這些想法有時讓我心情沉重,懊惱不堪,很久都難以恢複正常——我想到自己本來會做的錯事,想到不僅無法抵抗他們,甚至由於頭腦發熱該做的事都難做到,遠不能像現在經過深思熟慮、充分準備後應辦到的那樣。我對上述事情認真思考,十分憂鬱,此種心情有時持續很久,不過最後全部消除,而充滿了對上帝的感激。是他為我解除許多隱秘的危險,免遭一個個不幸,而我自己是無法克服它們的,因為對其降臨毫無所知,或以為根本不可能。
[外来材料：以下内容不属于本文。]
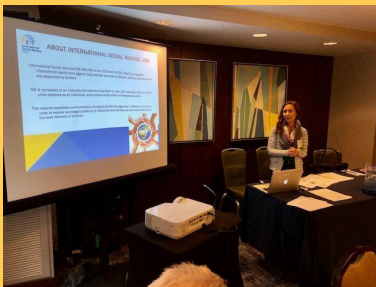
ISS-USA presents at Child Welfare League of America (CWLA) 's roundtable discussion on " Strengthening Families: Moving to a Global Perspective. "

我再次像過去經常那樣感到神的存在,第一次明白我們在經曆種種危險時,上帝都是作出了仁慈安排的。我們在不知不覺中便被他神奇地拯救。我們時而處於所謂的窘境,猶豫不定,不知走哪一條路好,這時便會受到一種暗示走另一條路,而非我們打算要走的路。不僅如此,當感覺、意願和也許事情本身要求我們走某條路時,我們會不知從哪一根弦、哪一股力受到一種奇特的影響,被支配著走另一條路。結果後來我們會看出,假如我們走了自己打算走的路——即使在想象中走了那條路,便徹底完蛋了。有了這些以及許多類似的思考,我隨後便為自己定出一條規則:無論何時我發現那些秘密的暗示或內心的壓力,要我做或不做眼前的事,走這條或那條路,我都一定要服從這種秘密指令,雖然我除心中有這樣一種壓力或暗示外,別無理由。我可以在自己的生活曆程中,舉出許多類似成功的例子,尤其是在我來到這個不幸的島後。除此外也還有不少這種情形,假如當時我用現在的眼光去看待事物,我很可能還會注意到很多。可明智的事再晚也不為過,我不得不勸告所有能思善想的人——他們的生活像我的一樣有不少非常意外的事故發生,或者不如我的嚴重——千萬不要怠慢上帝的秘密旨意,而要任它們來自不可見的神明,這種神明我無意討論,或許無法說明。但它們無疑證明了一種精神的交流,有形的和無形的秘密對話,而這一證明是無可否認的。關於這點,我將從以後在這陰鬱地方的孤獨生活中給予顯著例子。

如果我承認由於種種焦慮和危險,我停止了對一切生活上的便利東西的發明與設計,我想讀者是不足為奇的。現在我更關心安全而非食物。我不願敲一顆釘子或劈一塊木頭,擔心聲音被聽見。出於同樣的原因,打槍就更不用說了。特別是生火一事讓我大為不安,唯恐白天很遠都能被看見的煙霧把我暴露。為此我把需要燒火的事,如燒製泥罐和煙鬥等,搬到了林中的新居處。我在林中呆過一些時間後,竟發現一個純粹的天然洞穴,心裏說不出的寬慰。洞極其深遠,我敢說任何野人來到洞口都不敢闖進,而隻有像我這種一心找個安全地方藏身的人才會進去。

洞穴口在一塊大岩石的底部,那是我相當偶然地發現的(如果找不到充分理由把一切歸功於上帝,我便會這麼說),當時我在此處砍一些大樹枝燒製木炭。在把故事繼續講下去前,我得先說說為何要燒製木炭:

如前所說,我擔心在住處附近引起煙霧,可又不能不烤麵包、作肉吃等。於是我設法像在英國看見人們做的那樣,在這兒的草皮下燃燒木頭,直到燒成木炭,然後把火撲滅將木炭帶回家使用,從而沒有煙霧造成危險。

不過這是順便說到的。當時我正在這裏砍木頭,發現低矮的灌木叢或下層林叢裏一根大樹枝後麵,好像有一個洞穴。我好奇地往裏探看,很費了些力才進入洞口。洞相當大,就是說足可以讓我站在裏麵,也許還可以再容下一個人。可我得承認,我出來比進去還快,因為我往漆黑的洞內查看時發現什麼家夥的一雙大眼像兩顆星星一樣閃爍,是魔鬼還是人我不得而知,洞口的微光直射進去使之反光。